The twin catastrophes wrought by Mother Nature on the nation of Japan last week—known as the Tohoku earthquake and tsunami—devastated the lives of millions of people in one of the world’s most developed nations.
The earthquake that struck off the northeast coast of the island nation registered a whopping 9.0 magnitude on the Richter scale—nearly 1,000 times stronger than the 1989 Loma Prieta quake experienced here in the Bay Area—and launched a massive tsunami whose waves ravaged Japan’s east coast and whose destruction reached as far as Santa Cruz.
As the death toll continues to rise, possibly into the tens of thousands, Japan’s nuclear engineers are fighting desperately to contain a series of explosions rocking the country’s Fukushima Daiichi nuclear power station, which has also experienced system failures and partial meltdowns in the immediate aftermath of the disasters.
Parallels to the Chernobyl and Three Mile Island incidents abound—the clouds of radioactive steam being spewed from the Fukushima reactors and the rising levels of radiation being recorded as far as Tokyo (nearly 150 miles southwest) have resurfaced nightmares of nuclear disaster ingrained in the Japanese conscience since the end of the Second World War.

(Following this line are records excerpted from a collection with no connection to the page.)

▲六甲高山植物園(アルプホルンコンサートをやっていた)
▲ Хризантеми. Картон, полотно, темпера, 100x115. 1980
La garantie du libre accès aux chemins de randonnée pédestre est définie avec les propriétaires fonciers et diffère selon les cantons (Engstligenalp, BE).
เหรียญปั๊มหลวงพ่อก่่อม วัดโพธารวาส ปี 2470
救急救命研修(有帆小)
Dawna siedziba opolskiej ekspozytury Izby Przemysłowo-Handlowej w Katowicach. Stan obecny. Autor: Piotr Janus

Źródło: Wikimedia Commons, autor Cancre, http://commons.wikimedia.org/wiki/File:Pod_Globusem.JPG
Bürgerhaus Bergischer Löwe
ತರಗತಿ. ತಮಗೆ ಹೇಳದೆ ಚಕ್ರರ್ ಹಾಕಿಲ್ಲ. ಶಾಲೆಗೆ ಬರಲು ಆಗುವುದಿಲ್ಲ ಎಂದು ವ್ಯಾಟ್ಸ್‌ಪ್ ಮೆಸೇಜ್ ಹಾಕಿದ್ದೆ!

In the United States and the rest of the world, the Japanese atomic crisis has sparked new concerns over the safety and inherent volatility of nuclear power, which has been regarded as a leading source of “cheap” and “clean” energy in a world facing the encroachment of global warming. As the world approaches the 25-year anniversary of the Chernobyl disaster, public support for nuclear energy has seen little decline, despite being neither cheap nor particularly clean.
California is home to two of the nation’s 104 nuclear reactors, which account for 20 percent of the country’s total energy output. Both of the Golden State’s facilities are located south of the Bay Area: the Diablo Canyon plant near San Luis Obispo and San Onofre in San Diego County, and both are located along fault lines.

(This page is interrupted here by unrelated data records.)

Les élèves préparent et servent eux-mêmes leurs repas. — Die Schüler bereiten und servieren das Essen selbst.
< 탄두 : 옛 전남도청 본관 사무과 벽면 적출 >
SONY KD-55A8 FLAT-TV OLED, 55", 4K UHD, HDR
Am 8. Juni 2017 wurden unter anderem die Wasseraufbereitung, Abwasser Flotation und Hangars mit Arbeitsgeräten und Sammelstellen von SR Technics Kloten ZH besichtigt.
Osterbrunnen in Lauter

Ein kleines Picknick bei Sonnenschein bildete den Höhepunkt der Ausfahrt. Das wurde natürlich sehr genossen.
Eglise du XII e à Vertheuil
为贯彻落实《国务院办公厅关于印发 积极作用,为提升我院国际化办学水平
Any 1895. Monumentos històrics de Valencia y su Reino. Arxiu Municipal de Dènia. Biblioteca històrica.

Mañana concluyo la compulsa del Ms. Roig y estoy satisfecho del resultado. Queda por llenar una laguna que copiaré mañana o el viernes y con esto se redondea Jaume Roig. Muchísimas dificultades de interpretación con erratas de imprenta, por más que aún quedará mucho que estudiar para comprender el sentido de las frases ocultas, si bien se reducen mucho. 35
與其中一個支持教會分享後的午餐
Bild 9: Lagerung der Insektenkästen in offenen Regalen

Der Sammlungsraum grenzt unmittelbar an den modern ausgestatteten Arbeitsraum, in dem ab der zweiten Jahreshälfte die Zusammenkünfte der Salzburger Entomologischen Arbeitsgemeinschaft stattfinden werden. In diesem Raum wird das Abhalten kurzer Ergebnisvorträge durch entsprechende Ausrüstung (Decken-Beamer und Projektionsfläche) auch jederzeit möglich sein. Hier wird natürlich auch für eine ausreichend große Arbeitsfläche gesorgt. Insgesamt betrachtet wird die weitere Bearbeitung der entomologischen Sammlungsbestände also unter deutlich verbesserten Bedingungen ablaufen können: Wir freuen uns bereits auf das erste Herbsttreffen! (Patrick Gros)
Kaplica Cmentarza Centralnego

Both plants are built to withstand an earthquake whose magnitude would be expected in their area, but predicting the severity of a disaster like the Japanese one is impossible. Indeed, the Tohoku earthquake registered as one of the five strongest on record since 1900, when records were first taken, surpassing the 1906 San Francisco and 2010 Chilean and Haitian earthquakes in magnitude.
Nuclear power proponents have been quick to point out that Japan’s unique location on the globe make it more susceptible to monumental natural disasters. Certainly, the Japanese took this into account, and as a result have the strictest building codes and most earthquake-ready society on the planet—and yet, all the emergency preparedness and costly structural retrofitting could not prepare them for a crisis on this scale.

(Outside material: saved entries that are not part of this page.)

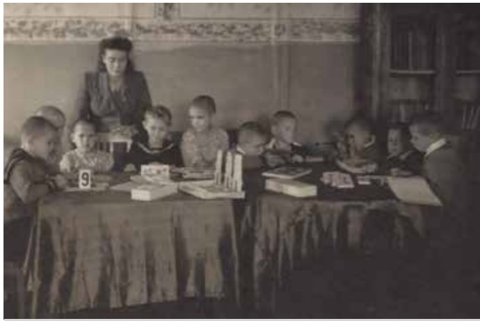
Ольгинский детский приют трудолюбия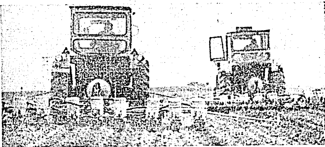
Tinerii mecanizatori pe ogoarele C.A.P. Secusigiu.

Majoritatea tinerilor din această organizație U.T.C. sînt mecanizatori care au convins că meseria lor este potrivită pentru tinerii zilelor noastre, cerind înalte cunoștințe tehnice, multă precizie, muncă în echipă. La aceste calități aspiră orice tânăr lucrător al ogorilor din Secusigiu, pentru că nu este ușor să dovedești că meriți titlul de „Erou al Noii Revoluții Agrare”.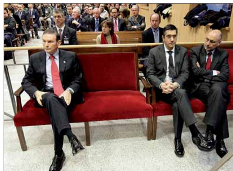
Los dirigentes independentistas bromean en su reencuentro en la sede del tribunal, sentados en los banquillos contiguos a los que ocupaban el lehendakari y los acusados del PSE.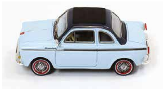
« NSU-Fiat 500 Weinsber Limousette, Premium-X, 1/43e »

et Steyr Puch 650 T n'a pas eu une longue vie. Les modèles étaient très réalistes et fourmillant de détails, disponibles en kit et assemblés.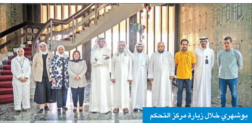
بوشهري خلال زيارة مركز التحكم

إزالة جميع العقبات لإنجاز المشاريع التنموية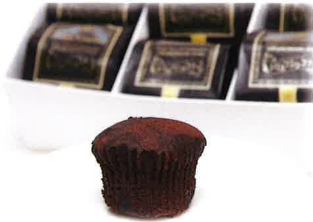
トリュフショコラ (9個入り) ¥2,700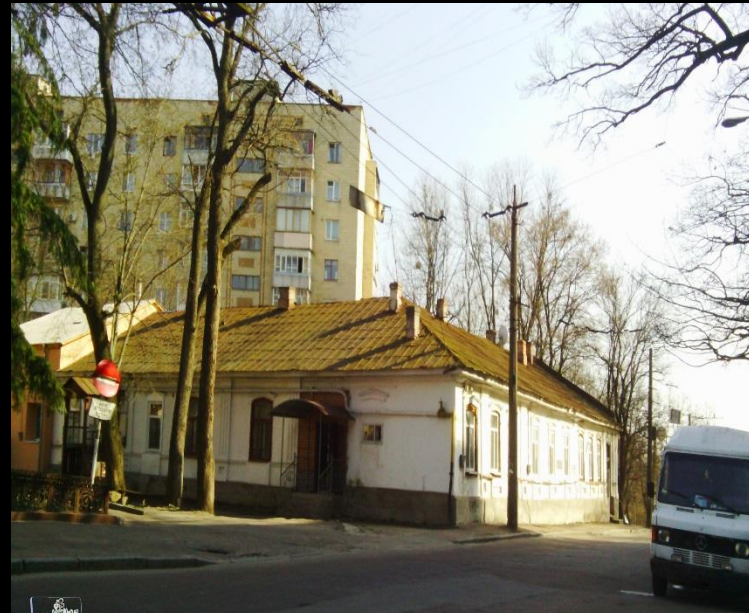
Дім де жив Юзеф Крашевський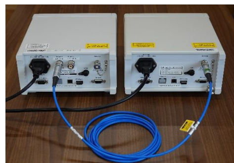
Output1 から右側の EMF520R 型電位計の Detector 端子へ接続した例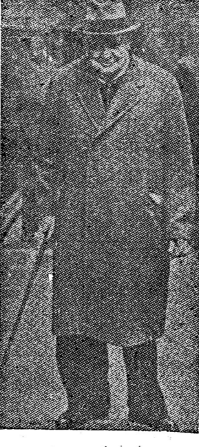
นายพลเรือเอก... (Caption for the portrait.)

นายพลเรือเอก... (Text mentions an eighteenth naval officer.)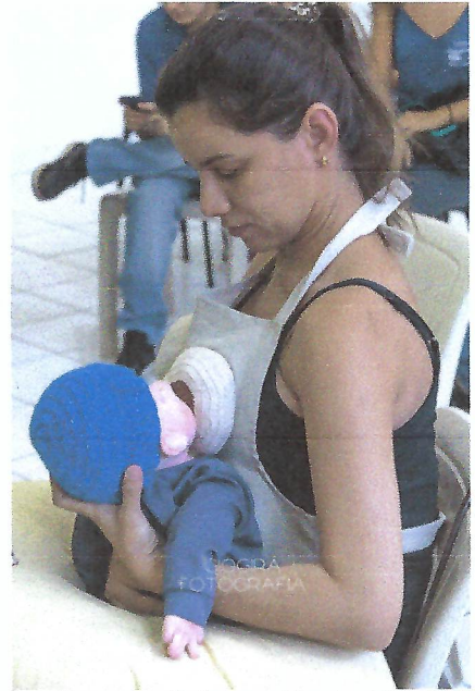
Nas fotos acima, as gestantes estão recebendo instruções sobre amamentação. Casa da Criança. Taubaté – SP.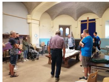
Visite commentée du village pour les nouveaux arrivants

Le prochain chantier de la commission communication sera de travailler sur la refonte du site internet, afin d'avoir une présentation plus dynamique, et surtout un format plus adapté aux portables ou tablettes. Merci aux personnes qui ont répondu au sondage sur Illiwap sur l'utilisation du site internet.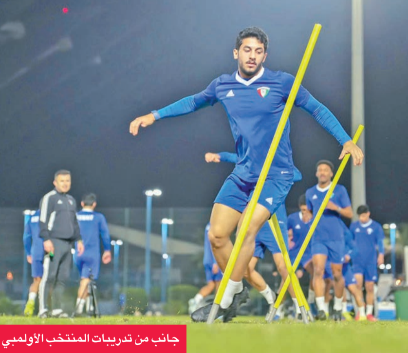
جانب من تدريبات المنتخب الأولمبي

معربا عن أمنيته بالتوفيق للمنتخب الأولمبي الذي يضم بين صفوفه لاعبين موهوبين لهم مستقبل باهر.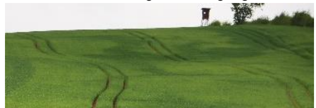
Schwefelmangel im Weizen in Nordhessen 2021

in 20 cm Tiefe im Mittel ca. 4 °C kälter verglichen zum Jahr 2020 (DWD-Station Schauenburg-El- gershausen), d.h. besonders in den Monaten, in denen das Wintergetreide normalerweise noch von der Bodennachlieferung profitieren kann. Laut der sogenannten RGT-Regel ( R eaktionsge- schwindigkeit- T emperatur- R egel) laufen bei einer Zunahme der Temperatur um 10 °C chemische Reaktionen zwei- bis dreimal so schnell ab. Dies gilt auch für Bakterien und Pilze, die maßgeblich die Stickstoff- und Schwefelnachlieferung im Bo- den steuern und den Pflanzen zur Verfügung stel- len. Wie in der Abbildung unten dargestellt, ist da- von auszugehen, dass den Kulturen in der ersten Jahreshälfte weniger Stickstoff und Schwefel aus der Bodennachlieferung zur Verfügung standen.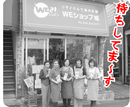
中希望が丘101-21日曜・祝祭日定休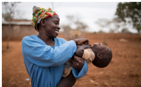
THANK YOU FOR THE RAIN

Producció espanyola escrita per Orson Welles (basada amb textos de William Shakespeare; llibre de Raphael Holinshed), amb fotografia d'Edmond Richard, música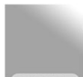
Backlight display 백라이트 디스플레이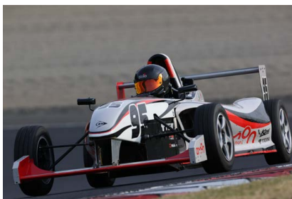
Song Youngkwang 選手 (APPLAUSE FE-II leprix) 福山賞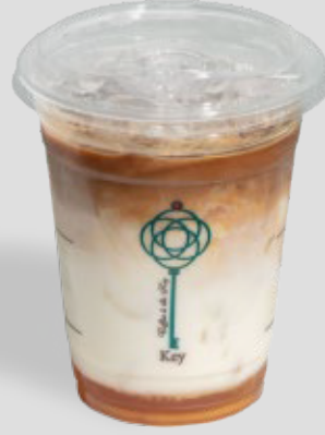
لاتيه كراميل مملح مثلجة ICED SALTED CARAMEL LATTE 25 | CAL. 220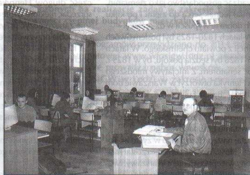
Konkursowa pracownia informatyczna

Attempts to engineer modern nuclear power facilities equipped for natural disasters or terrorist attacks have resulted in a cooperative Franco-German project in Finland, where a proposed $4 billion “next-generation” nuclear facility has exceeded cost by 50 percent and whose completion date—2009—has yet to be realized.
Existing facilities worldwide are rapidly approaching their shelf life, and plans to extend the lives of these plants are being considered, given both their material and environmental costs. Yet, even as the Japanese nuclear emergency calls into the question the safety and viability of nuclear energy, many experts hold that green, renewable energy alternatives are far more costly and expansive.
A recent report from researchers at Stanford University and UC Davis offer a detailed analysis of the cost and effort likely required for implementing and maintaining an entirely renewable energy program worldwide. Needless to say, the task is herculean, even Sisyphean in nature.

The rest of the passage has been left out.